Uncanny patterns

I often remind myself and my writing students that life is pretty random but fiction is about patterns.

One of the challenges is that writers have to use their clever brains–and their organic connections with their characters–to be careful that the patterns aren’t obvious and predictable and thus uninteresting.

This week, a young reader and gardener visited my house and admired my garden.  What he liked was that it didn’t have just the same old stuff…yellow corn.  Green beans.  No!  It had golden zucchini and purple peppers and black tomatoes.

 

It had oxalis tuberosa instead of potatoes.  (Can’t wait to see how those taste–they were eaten in ancient Peru and I once wrote a folktale set in ancient Peru.)

It had something called chocolate soldier.

It has amaranthus, which my visitors thought looked like a Dr. Seuss plant, with its strange ropy blossoms.  How eerie to find out that this is also called Love Lies Bleeding.

(My sweetie says he feels like he’s living in a plant zoo.)

It was my young visitor who also used the word “uncanny” to describe the strange-but-true stories that weave their ways into our lives.  I was talking with his mom about a family retreat I’ll be leading for Westminster Presbyterian Church that will focus on stories…and he’s right.  Sometimes life doesn’t seem random at all.  Sometimes it has really odd connections and patterns.

For example, long ago my daughter used to do an odd little dance around and around a rocky circle in our yard in Grand Forks, ND singing songs and telling stories to herself.  I asked friends to tell me what might grow in that rocky soil.  They said, “Moss rose.”  So I tried moss rose.

I tried and tried and tried moss rose.

No luck.

It didn’t take, though.  Even in the rich Red River Valley soil, it failed to Only Connect.

This summer, I asked one of my sisters if she knew what a strange visitor to my garden might be.  She said no.

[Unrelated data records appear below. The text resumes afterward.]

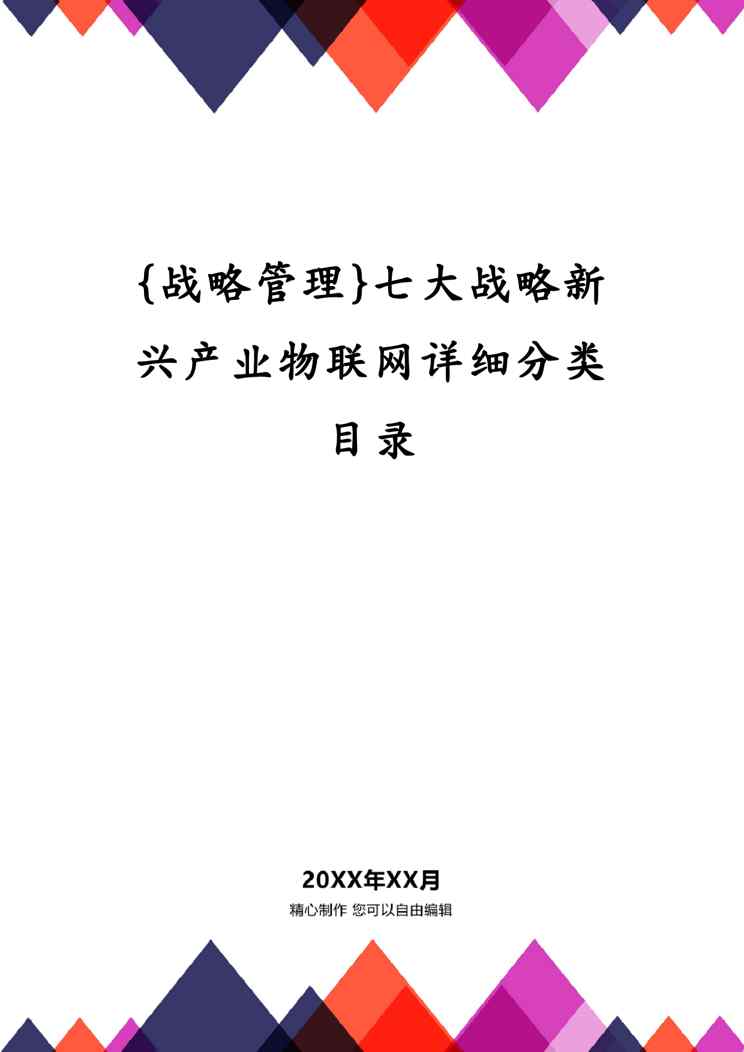 本站正式发布了《{战略管理}七大战略新兴产业物联网详细分类目录》文档,文档详细内容可下载阅读。 声明:本站所有文章,如无特殊说明或标注,均为本站原创发布。任何个人或组织,在未征得本站同意时,禁止复制、盗用、采集、发布本站内容到任何网站、书籍等各类媒体平台。如若本站内容侵犯了原著者的合法权益,可联系我们进行处理。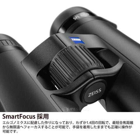 フォーカスはSmartFocusを採用し、無理に指を伸ばしたりすることなく素早く正確な操作が可能となりました。手袋を着用した状態であっても、正確なフォーカシングが可能です。またSFL双眼鏡は防水設計となっており、内部に窒素ガスを充填することによりレンズの曇りを防ぎ、LotuTecコーティングにより鮮明な視界を提供します。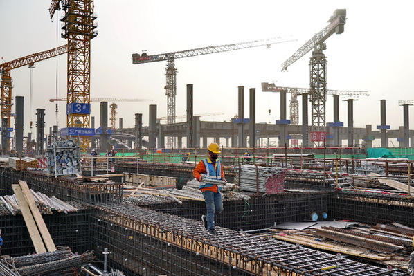工人在京雄城際鐵路雄安站建設(shè)現(xiàn)場(chǎng)施工。記者 牟宇 攝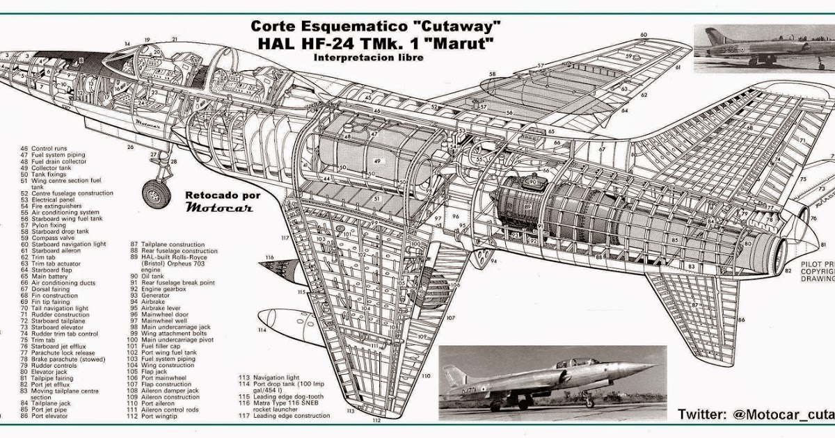 Marut Mk.1R – Due HF-24 dotati di due Bristol Siddeley Orpheus 703 postcombustione con una spinta del 18% a una spinta di 5,720 lbf (25,44 kN).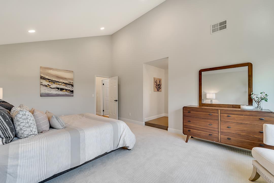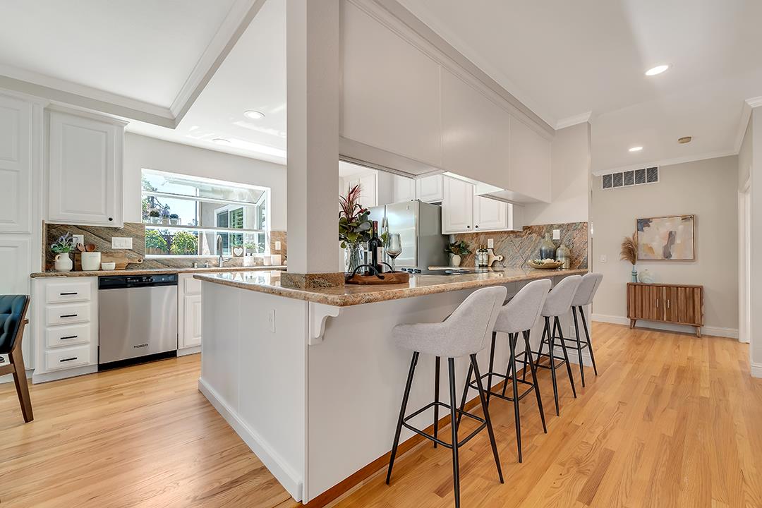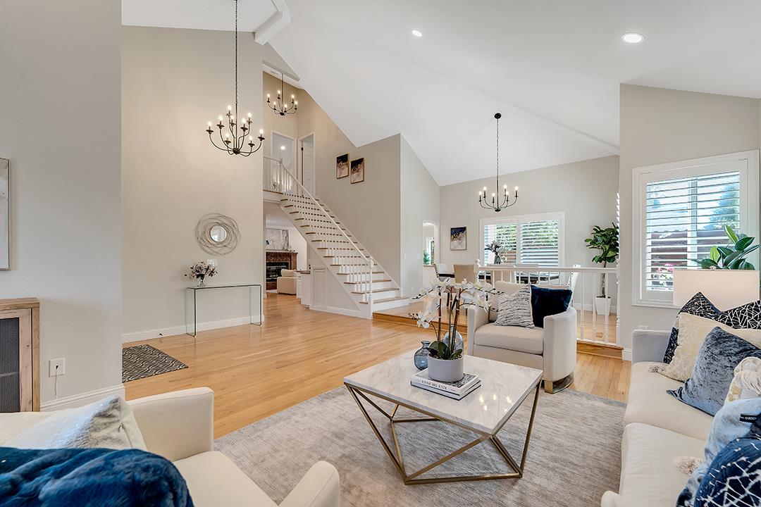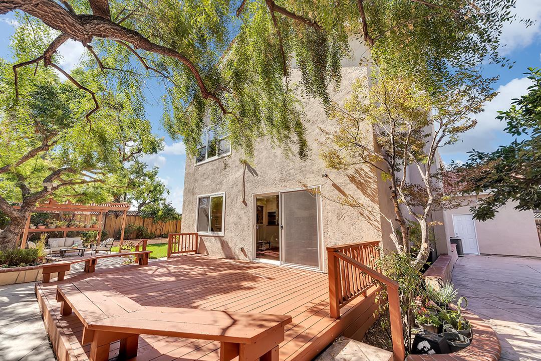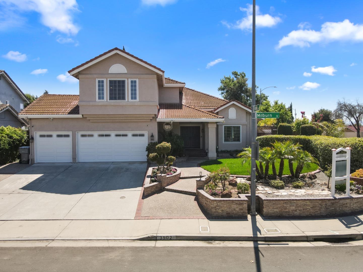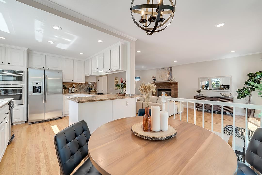 Modern elegance blends with classic charm in this spacious corner-lot home. Vaulted ceilings and an open floor plan imparts a feeling of spaciousness and sophistication. The living room combines comfort and style, adorned with recessed lighting and polished hardwood floors. The kitchen is a chefs dream, offering ample space for culinary mastery. A breakfast nook provides a casual dining, while the luxe dining room and wet bar elevate your entertaining experience. On the ground floor, you'll also find a generous bedroom and remodeled full bath. Upstairs, three bedrooms plus a grand primary suite with vaulted ceilings, walk-in closet, and spacious bath with dual vanities. A large front bedroom with two closets impart views of the foothills. Two inviting bedrooms offer plenty of room for loved ones. The backyard features an expansive deck, pergola and a level lawn perfect for playtime. This serene space is adorned with mature trees and greenery, providing an ideal retreat.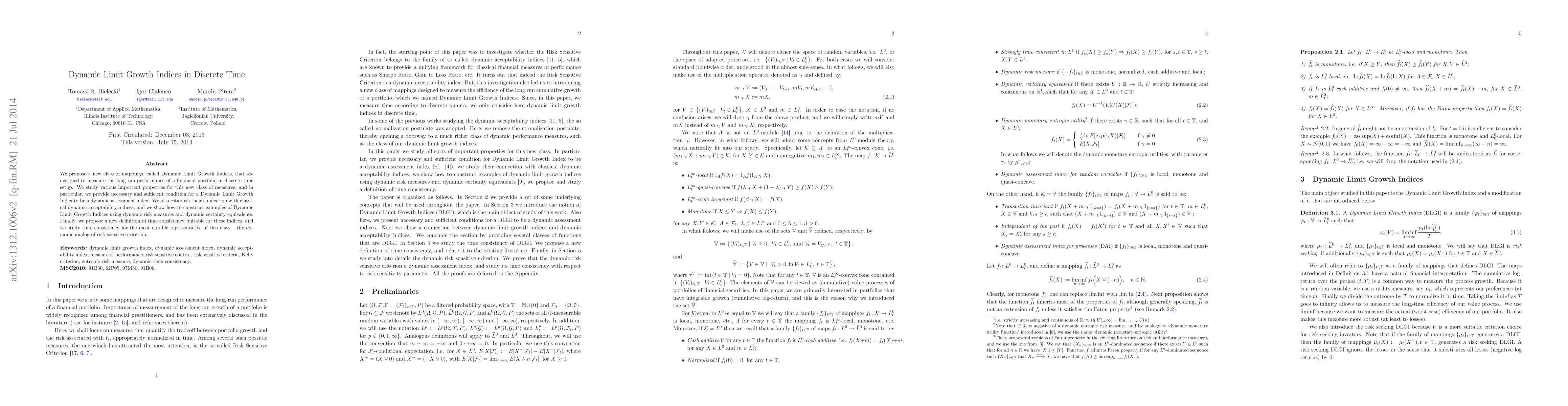 We propose a new class of mappings, called Dynamic Limit Growth Indices, that are designed to measure the long-run performance of a financial portfolio in discrete time setup. We study various important properties for this new class of measures, and in particular, we provide necessary and sufficient condition for a Dynamic Limit Growth Index to be a dynamic assessment index. We also establish their connection with classical dynamic acceptability indices, and we show how to construct examples of Dynamic Limit Growth Indices using dynamic risk measures and dynamic certainty equivalents. Finally, we propose a new definition of time consistency, suitable for these indices, and we study time consistency for the most notable representative of this class -- the dynamic analog of risk sensitive criterion.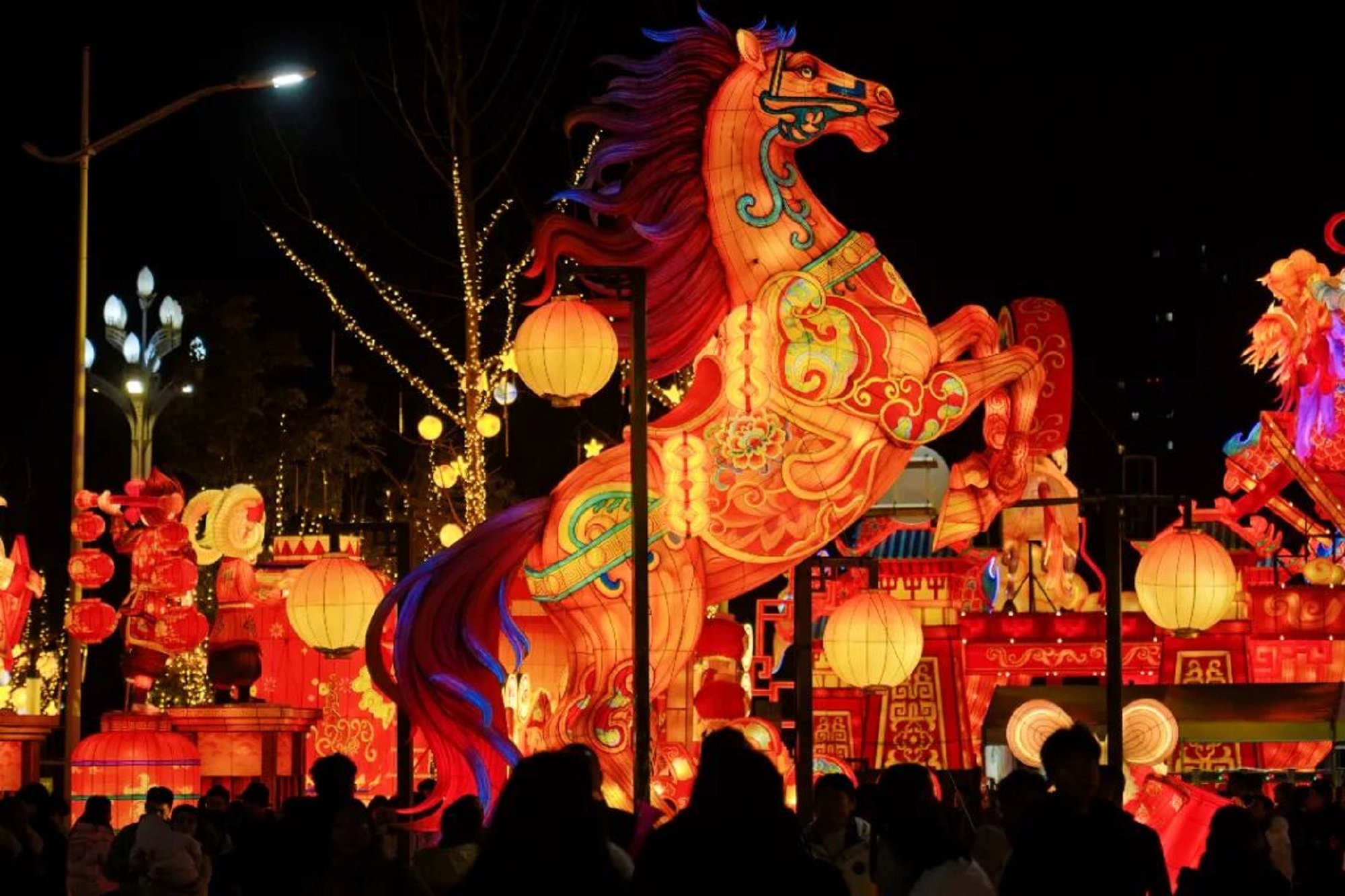 其中,以渠縣漢闕與丙午馬年為創(chuàng)意靈感的大門燈組“龍馬精神”莊重威嚴,承載著千年禮制文化底蘊;“鹽水女神”與“戰(zhàn)神廩君”燈組隔空相望,演繹著古老浪漫傳說;賽博機甲風的“潮小虎”、炫彩靈動的“蒸汽戰(zhàn)魂”等燈組,成為年輕人爭相打卡的網(wǎng)紅點位?,F(xiàn)代科技的深度賦能,讓傳統(tǒng)彩燈藝術與巴賨文化打破空間桎梏,創(chuàng)造了超乎想象的視覺盛宴。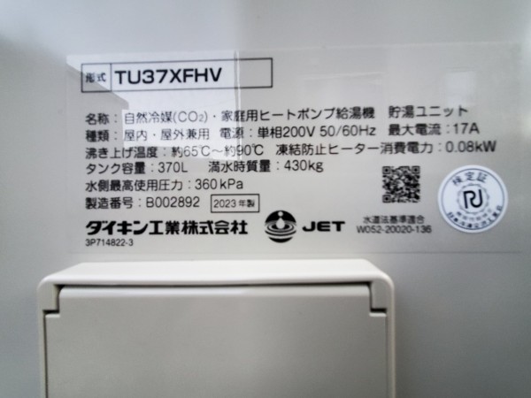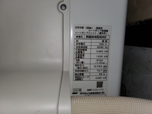 赤磐市惣分 ダイキン自然冷媒CO2家庭用ヒートポンプ給湯機ヒートポンプユニットRQW45XHV、貯湯ユニットTU37XFHV エコキュート交換工事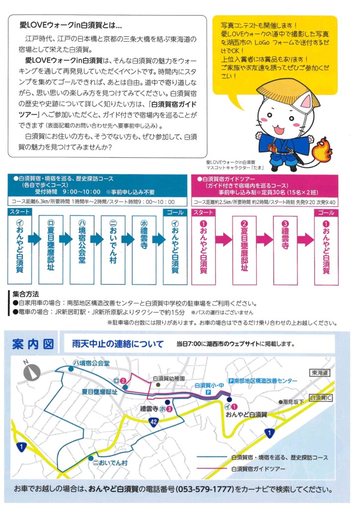 愛LOVEウォークin白須賀実行委員会事務局(湖西市文化観光課内 平日8:30~17:15)
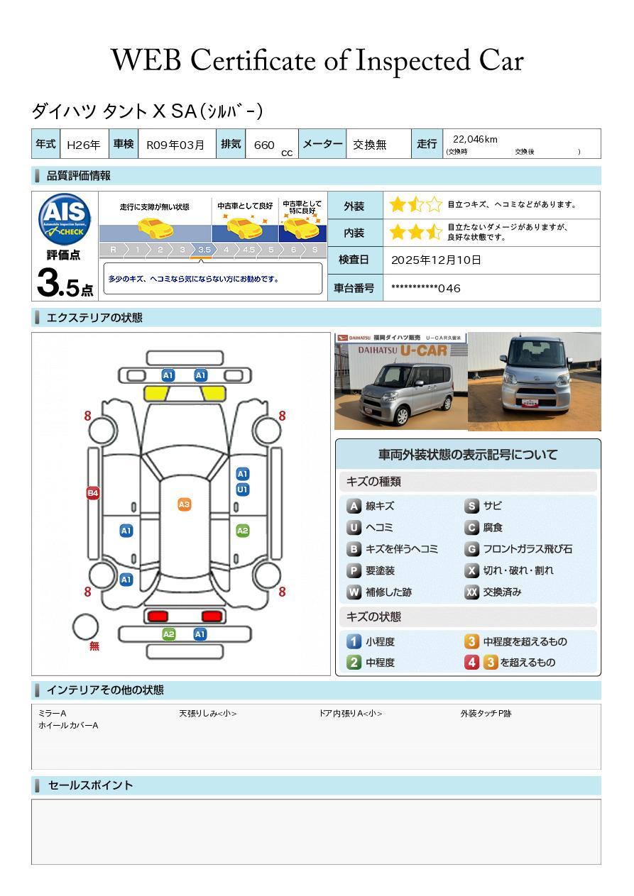 車両状態証明書が付いておりますので、安心してお選び出来ます。詳しくは、スタッフまでお気軽にお問合せください。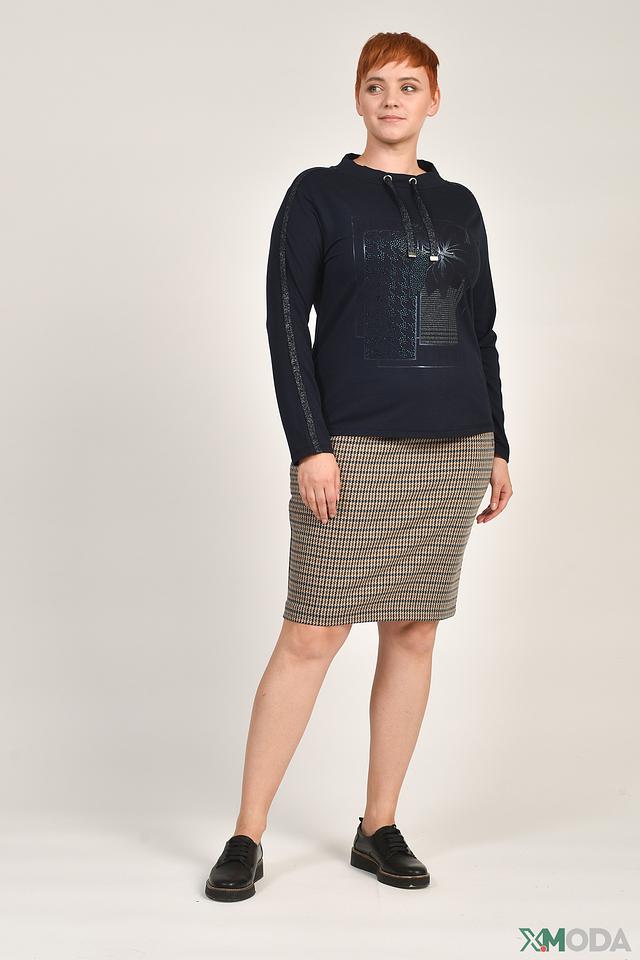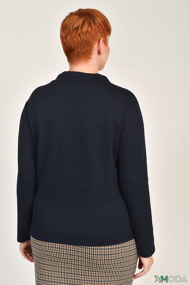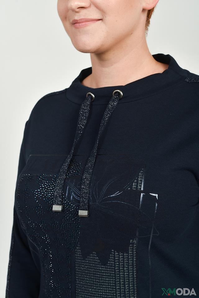 Стильный пуловер Thomas Rabe тёмно-синего цвета, украшенный декоративной аппликацией и блестками. Модель с небольшим воротником-стойкой и шнурками. Идеальный выбор для создания комфортного и модного образа. Состав: хлопок 48%, модал 48%, эластан 4%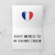 Belle conception comprend des ballons heureux et des bandes-tiques avec les mots "Joyeux anniversaire", le tout aux couleurs du drapeau français. Le design est fini avec le coeur dans les couleurs du drapeau français et le message d'anniversaire qui est entièrement personnalisable. Cette carte d'anniversaire colorée est le cadeau parfait pour votre ami de France.

It turned out to be a moss rose.

After all this time…a moss rose–that I once tried so hard to grow–came unannounced to my garden.  Isn’t that amazing?

My volunteer efforts to get books to kids in Ethiopia have shown me that the universe ripples around us in strange and fascinating ways.  I cling to trust that if I do my part, the uncanny connections that I’ve written about on this blog will continue to appear there, too.

Even a story that appears to have a terribly sad ending–like this birth mother who felt she had to give up her twins for adoption–can have surprising new twists…like an adopted daughter who appears 17 years later–with her adoptive mom–to make new connections.

In life…in fiction…characters suffer.  We pay hard and bitter prices sometimes to get what our deepest selves need.

And sometimes we get to write a different ending.